Wednesday, January 21, 2004
Powerchip Semiconductor of Taiwan will be the next entrant to the booming NAND flash memory market.
"We have partners in the U.S. and Taiwan with which we're developing a product which will be sold under our own name later this year," a Powerchip spokesman told Electronics Weekly. Powerchip would not comment on who its partner companies are or on whether the technology used would be the floating gate approach of Toshiba/SanDisk, Samsung Electronics, STMicroelectronics/Hynix and Renesas Technology, or the metal nitride oxide semiconductor (MNOS) approach of Saifun, Infineon Technologies and AMD.

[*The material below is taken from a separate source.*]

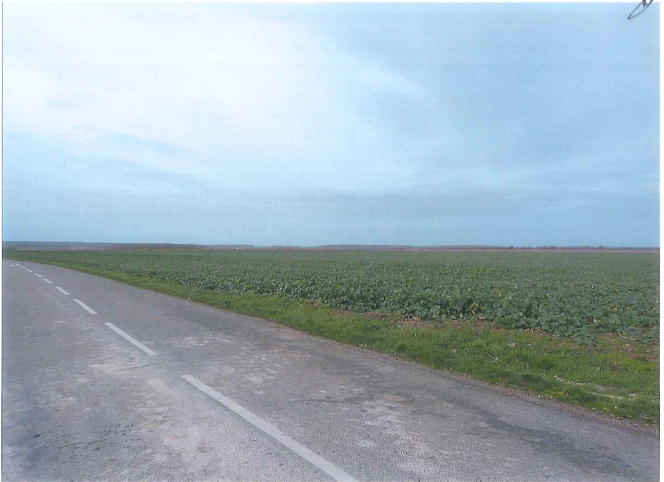
vue sur coté eekennes .

However, the spokesman emphasized: "Our product will have nothing to do with Renesas." Powerchip has a foundry agreement with Renesas under which it will start producing 1Gbit NAND flash in Q3 using the assist-gate AND technology developed by Hitachi and Mitsubishi Electric which merged most of their semiconductor operations into Renesas. Mitsubishi Electric set up Powerchip in 1998 as a joint venture with Taiwan's Umax-Elite.
NAND flash was the fastest growing chip product in 2003 increasing revenues by more than 40 percent. Gartner Dataquest forecasts 2004 growth of 30 percent from $3.36 billion to $4.4 billion. In 2006, predicts iSuppli, the NAND market will top $11.5 billion.